Lord Gilbert of Panteg: Another area is news publishers. I have been reading some of your words too, and I have been reading an article you wrote in the Manchester Evening News.
Nadine Dorries: That is very disconcerting.
Lord Gilbert of Panteg: For anybody who is in doubt about your views on journalism, it is a passionate defence of journalism and why it is crucial that we support journalism. You pay tribute to journalists and the work they do. It is an article that I read with interest. One thing you say in it is that our democracy depends on journalism. You paid tribute to the Bedford Times.
Chris Philp: If we are on local papers, may I put on record my admiration for the Croydon Advertiser as well, please?
Lord Gilbert of Panteg: Any more bids? I was going to mention the Pontypool Free Press and Herald of the Hills, which I think has a poetic title that will beat any others.
Nadine Dorries: We will stay with the Bedford Times.
Lord Gilbert of Panteg: You go on to talk about protecting journalists and journalism and news media organisations and creating a level playing field with the platforms. It sems to me there are two aspects to that. The first is not covered by this Bill but it is important, and that is creating a much more transparent and fair process by which platforms pay for quality journalism. I know that elsewhere in your department you are looking at that. The digital advertising market and the work you are doing on that is really important.
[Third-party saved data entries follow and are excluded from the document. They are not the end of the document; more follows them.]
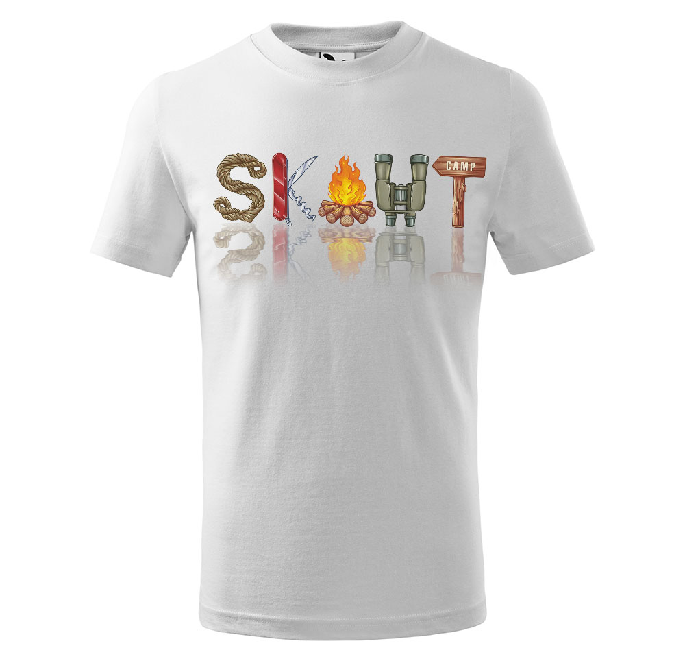 Tričko Skaut – nápis – dětské (Velikost: 134, Barva trička: Bílá)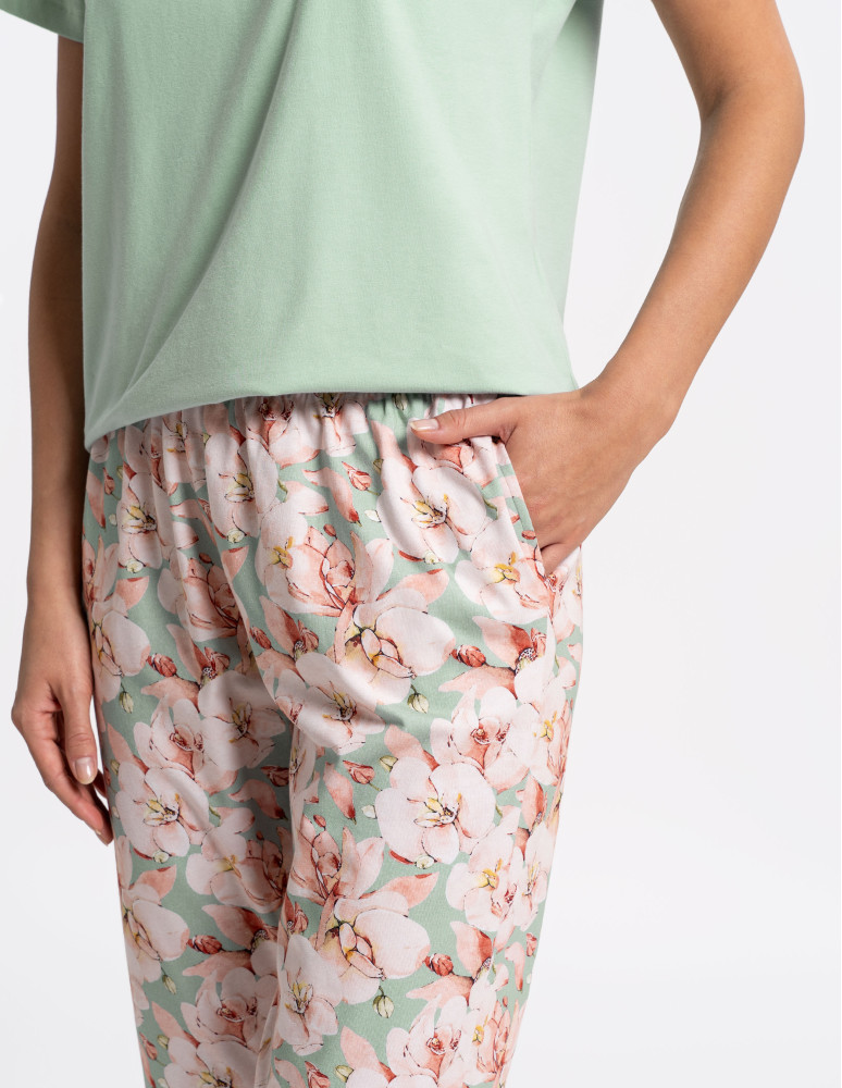 Piżama została uzupełniona o spodnie 3/4 z delikatnym, kwiatowym nadrukiem, które pasują do całości stylizacji. Elastyczny pas zapewnia komfort noszenia, a materiał idealnie dopasowuje się do sylwetki, nie krępując ruchów. Doskonała zarówno na ciepłe noce, jak i leniwe poranki, kiedy liczy się komfort i styl.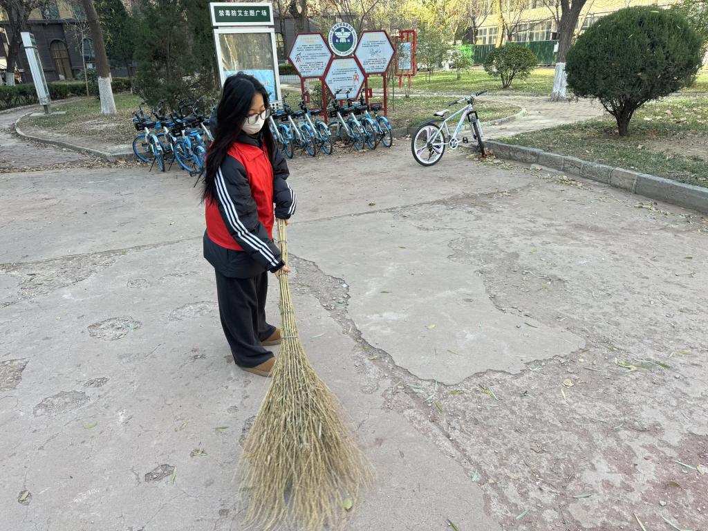 活动开始,志愿者们在知行楼前集合,领取清洁工具,并接受任务分配。随后,志愿者们迅速前往各自负责的区域,开展清洁工作。他们分工明确,两两一组,有的负责擦拭校园长椅;有的清理教学楼周边卫生死角;还有的志愿者在校园道路两旁,挥动扫帚清扫落叶,并及时更换垃圾袋,妥善处理各类垃圾与杂物;花坛边,志愿者们细致地清理杂草,还对校园内的公共设施进行了检查。他们挥洒汗水,努力付出,以实际行动践行着“爱护环境,人人有责”的理念。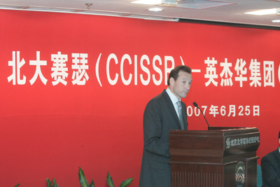 英杰华董事长舍曼勋爵是我们此次与北大赛瑟合作的高级顾问。他因故无法出席今天的仪式,请我向各位表示歉意。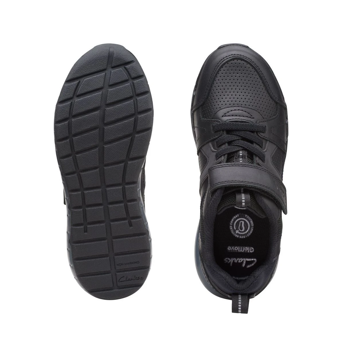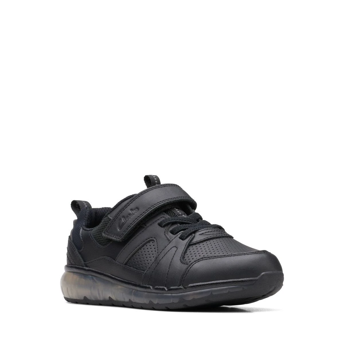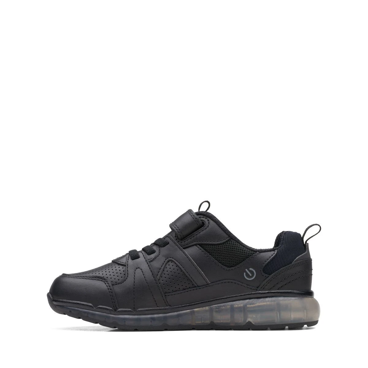 The Clarks Spark Beam K boys black trainers are comfortable and fun. These light up school shoes have a secure and quick fastening.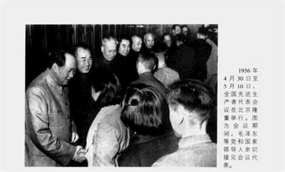▲1956年4⽉30⽇⾄5⽉10⽇,⽑主席接⻅全国先进⽣产者代表 图⽚来源:《中华⼈⺠共和国⽇史》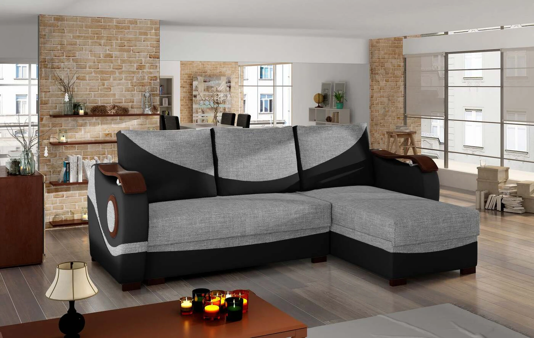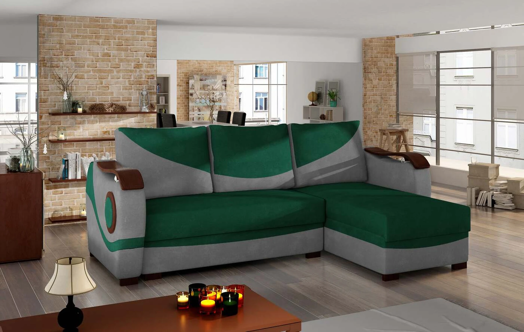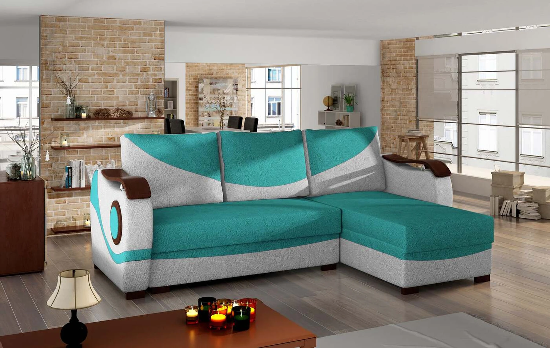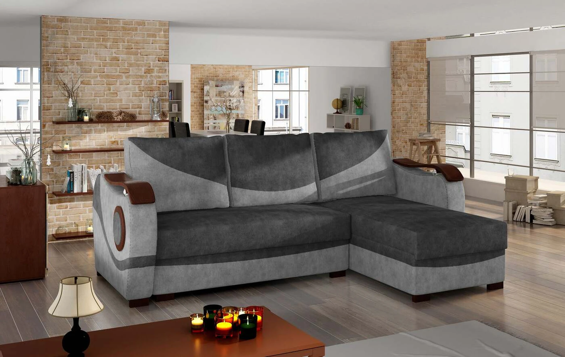 EL4663 – tai įmantri, originali ir moderni kampinė sofa, skirta originalių sprendimų žinovams. Baldai, kurių matmenys 235 x 140 x 90 cm, garantuoja erdvumą ir patogumą naudoti dieną bei maksimalų komfortą ir ramų miegą ant 195 x 125 cm paviršiaus naktį. Paprastas išskleidžiamas mechanizmas, kurį sudaro ištraukiamas dugnas ir atlenkiamas atlošas, leidžia aiškiai pritaikyti kampinę sofą pagal esamus poreikius. Kampinėje sofoje yra du talpūs patalynės laikymo skyriai - vienas iš jų yra pufas, o kitas yra pritaikius baldus prie naktinės funkcijos. Išskirtinio minkštumo patirtis įmanoma dėl bonel ir T25 putų derinio. Būtent šis derinys įtakoja mūsų baldų teikiamą maksimalų atsipalaidavimo malonumą. Tarp išskirtinių šio modelio bruožų tikrai galime įtraukti papildomų dekoracijų medinių elementų pavidalu ant porankių, šonų ir kojų – visa tai paverčia originaliu visumos tonu. Jei norėtumėte pajusti energiją, sklindančią iš EL4663 kampo – raginame į tai pažvelgti iš arčiau.

It also goes to the provision in the Bill relating to news media organisations and the news publisher provision. The Bill basically puts publishers out of scope so that platforms need not deal with content on news publisher sites. The Bill has a pretty good crack, I think, at defining what constitutes a news publisher, and I do not think we need to do much with it.
In the most extreme cases, Silicon Valley takes its own view, based on its business interests, its political sensibilities and sometimes whim, in taking down legitimate news stories published by news media organisations. YouTube suspended talkRADIO’s account, even though Ofcom found no problem with it. Twitter took down the New York Post for 16 days in the run-up to the 2020 election, later admitting it was a quick interpretation based on no other evidence. Meanwhile, it leaves up a pile of lies peddled by Chinese state media about the genocide in Xinjiang.
What seems to me a much better protection, which would meet the objective in your article, would be to have a positive provision, whereby Silicon Valley, the platforms, cannot take down news coverage content. Not that it is outside the scope of the Bill, but if content is published by a news publisher that is subject to redress as defined in the Bill, they simply cannot take it down.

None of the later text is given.